# Create data for next steps

This notebook will create a .pkl file with the model's preditions and other information.

In [1]:
import os
import gc
import pickle
import numpy as np
import torch
from torch.utils.data import DataLoader
from tqdm import tqdm

from utils.utils import load_config
from dataloaders import *  
from models import *       
from uncertainty.MCDropout import MCDropout

## Constants

In [2]:
DEVICE = 'cuda'
BATCH_SIZE = 64
POSITIVE_THRESHOLD = 0.5

## Experiment Settings

In [3]:
EXPERIMENTS_FOLDER = 'UNIFESP+iCOPE'
MODEL_NAME = 'NCNN_PRETRAINED'  # change model here
BASE_EXPERIMENT_PATH = os.path.join('experiments', EXPERIMENTS_FOLDER, MODEL_NAME)

### MCDP Settings

In [4]:
# MCDP SETTINGS
MCDP = False
MCDP_FOWARD_PASSES = 30
MCDP_DROPOUT = 0.1 if "NCNN" in MODEL_NAME else 0.5

## Functions

In [5]:
def create_hook(embeddings_list):
    """Return a hook function that appends flattened outputs to embeddings_list."""
    def hook(module, input, output):
        output_np = output.detach().cpu().numpy()
        for x in output_np:
            embeddings_list.append(x.flatten())
    return hook

In [6]:
def process_experiment(exp, mode, device, positive_threshold, batch_size):
    """
    Process a single experiment directory.
    
    Parameters:
        exp (str): Name of the experiment folder.
        mode (str): Either 'train' or 'test'.
        device (str): Device to run inference on.
        positive_threshold (float): Threshold for positive predictions.
        batch_size (int): Batch size for DataLoader.
        
    Returns:
        fold (str): Extracted fold name.
        result (dict): Dictionary containing outputs and optionally embeddings.
    """
    exp_path = os.path.join(BASE_EXPERIMENT_PATH, exp)
    model_path = os.path.join(exp_path, 'Model', 'best_model.pt')
    config_path = os.path.join(exp_path, 'Model', 'config.yaml')
    
    # Load configuration
    config = load_config(config_path)
    data_path = config['path_train'] if mode == 'train' else config['path_test']
    
    # Extract the fold from the data path (platform independent)
    fold = os.path.normpath(data_path).split(os.sep)[-2]
    print(f"Processing {mode} data from: {data_path}")
    
    # Set up embeddings collection and hook handle (if needed)
    embeddings = []
    hook_handle = None

    # Choose model architecture and dataset based on experiment name
    if "NCNN" in exp:
        model_instance = NCNN()
        dataset = NCNNDataset(data_path)
        hook_handle = model_instance.fc_4.register_forward_hook(create_hook(embeddings))
    elif "VGGNB" in exp:
        model_instance = VGGNB()
        dataset = VGGNBDataset(data_path)
        # You may choose which layer to hook:
        # hook_handle = model_instance.VGGFace.features.conv5_3.register_forward_hook(create_hook(embeddings))
        hook_handle = model_instance.VGGFace.classifier[3].register_forward_hook(create_hook(embeddings))
    elif "ViTNB" in exp:
        model_instance = ViTNB()
        dataset = ViTNBDataset(data_path)
    else:
        raise ValueError(f"Unknown experiment type in {exp}")

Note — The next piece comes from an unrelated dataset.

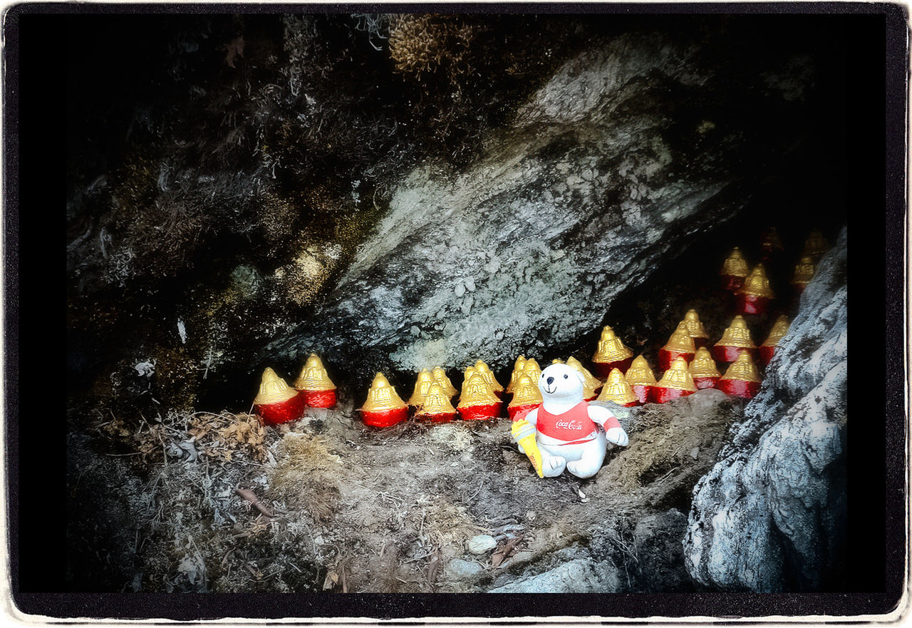 そのかわり、岩の隙間にツェツェがたくさん置かれているのを見つけた。ツェツェとは、中にお経を印刷した小さな紙が入っている素焼きのいれものだ。ブータンの人はこれを寺院のプレイヤーホイールの周りやチョルテンの周りに奉納する。自動車道路からさらにトレイルを歩かないとたどり着けないこんな所に、誰が何のためにツェツェを置いたのだろう。

    dataloader = DataLoader(
        dataset, 
        batch_size=batch_size, 
        shuffle=False,
        pin_memory=True,
        num_workers=4
    )

    # Load model weights and prepare model for inference
    model_instance.load_state_dict(torch.load(model_path))
    model_instance = model_instance.to(device)
    model_instance.eval()

    # Accumulate outputs using lists (more efficient than repeated concatenation)
    probs_list, preds_list, logits_list, labels_list = [], [], [], []

    # If MCDP is activated, accumulate probabilities using a list
    if MCDP:
        probs_uq_list = []
        model_instance = MCDropout(model_instance, p=MCDP_DROPOUT)

    with torch.no_grad():
        for batch in tqdm(dataloader, desc=f"Processing {exp}"):
            inputs = batch['image'].to(device)
            labels = batch['label'].to(device)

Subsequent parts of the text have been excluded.